TASK ITEM –
With the exception of the pictures, write out the data below precisely.
<<<<
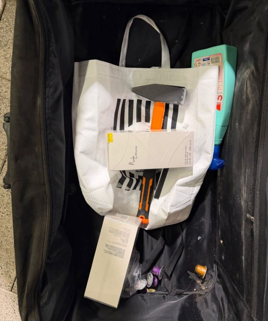 واستخدم المتهم مطرقة لتحطيم واجهة محل (فارم)، وسرق زجاجات عطر. وقد تم القبض عليه بعد مطاردة قصيرة وبحوزته المسروقات والأداة.
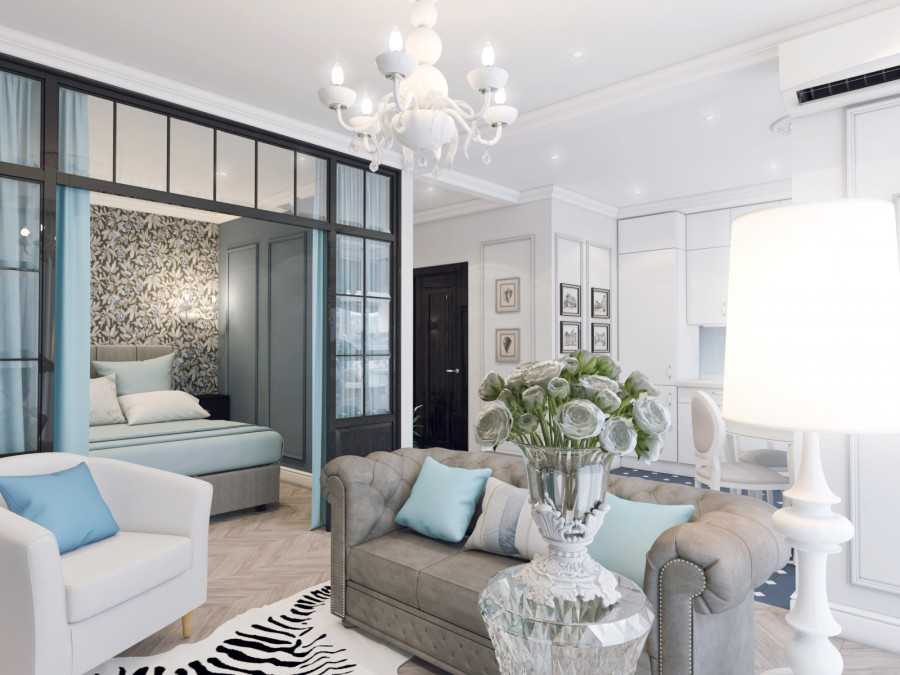 Зонирование осуществляется с помощью легких мобильных перегородок светлой расцветки, чтобы не перегружать пространство: ведь такие элементы занимают мало места. Иногда используются полки, стеллажи, перегородки из стекла или ткани.
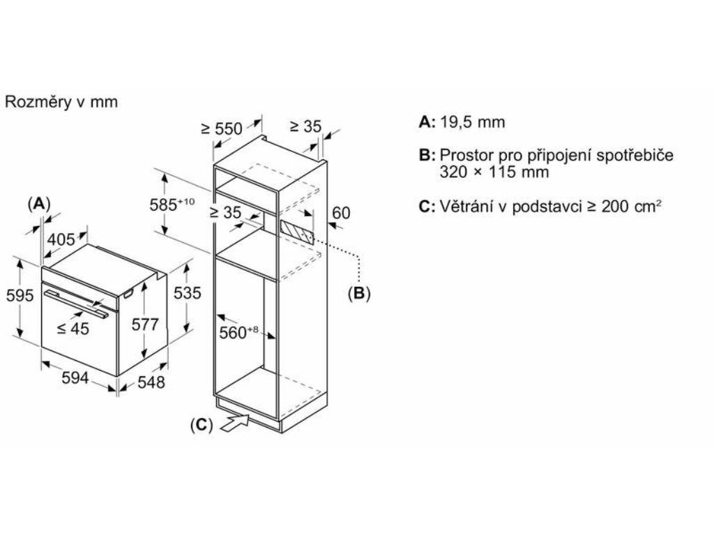 Rozměry rozměry spotřebiče (V x Š x H): 595 mm x 594 mm x 548 mm rozměry niky (V x Š x H): 585 mm - 595 mm x 560 mm - 568 mm x 550 mm
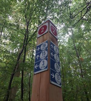 Überall dort, wo sich im Stadtwald Wege kreuzen, wurden Pfosten aus Lärchenholz angebracht - die Knotenpunkte. Jeder hat eine eigene Nummer zwischen 1 und 112 erhalten. Darunter sind die nächstgelegenen Knotenpunkte mit Richtungsangaben und Entfernung aufgeführt. Suchen Sie sich eine Wegstrecke aus und merken oder notieren Sie sich die entsprechenden Nummern. Auch das Smartphone können Sie dafür nutzen.
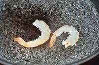 2. 烫虾仁时,水里最好放一片姜、少许盐和酒去腥。
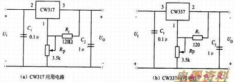 三端可调式集成稳压器按输出电压分为正电压输出CW317(CW117、CW217)和负电压输出CW337(CW137、CW237)两大类。按输出电流大小,每个系列又分为L型和M型等。
>>>>
EXERCISE OUTPUT –
 واستخدم المتهم مطرقة لتحطيم واجهة محل (فارم)، وسرق زجاجات عطر. وقد تم القبض عليه بعد مطاردة قصيرة وبحوزته المسروقات والأداة.
 Зонирование осуществляется с помощью легких мобильных перегородок светлой расцветки, чтобы не перегружать пространство: ведь такие элементы занимают мало места. Иногда используются полки, стеллажи, перегородки из стекла или ткани.
 Rozměry rozměry spotřebiče (V x Š x H): 595 mm x 594 mm x 548 mm rozměry niky (V x Š x H): 585 mm - 595 mm x 560 mm - 568 mm x 550 mm
 Überall dort, wo sich im Stadtwald Wege kreuzen, wurden Pfosten aus Lärchenholz angebracht - die Knotenpunkte. Jeder hat eine eigene Nummer zwischen 1 und 112 erhalten. Darunter sind die nächstgelegenen Knotenpunkte mit Richtungsangaben und Entfernung aufgeführt. Suchen Sie sich eine Wegstrecke aus und merken oder notieren Sie sich die entsprechenden Nummern. Auch das Smartphone können Sie dafür nutzen.
 2. 烫虾仁时,水里最好放一片姜、少许盐和酒去腥。
 三端可调式集成稳压器按输出电压分为正电压输出CW317(CW117、CW217)和负电压输出CW337(CW137、CW237)两大类。按输出电流大小,每个系列又分为L型和M型等。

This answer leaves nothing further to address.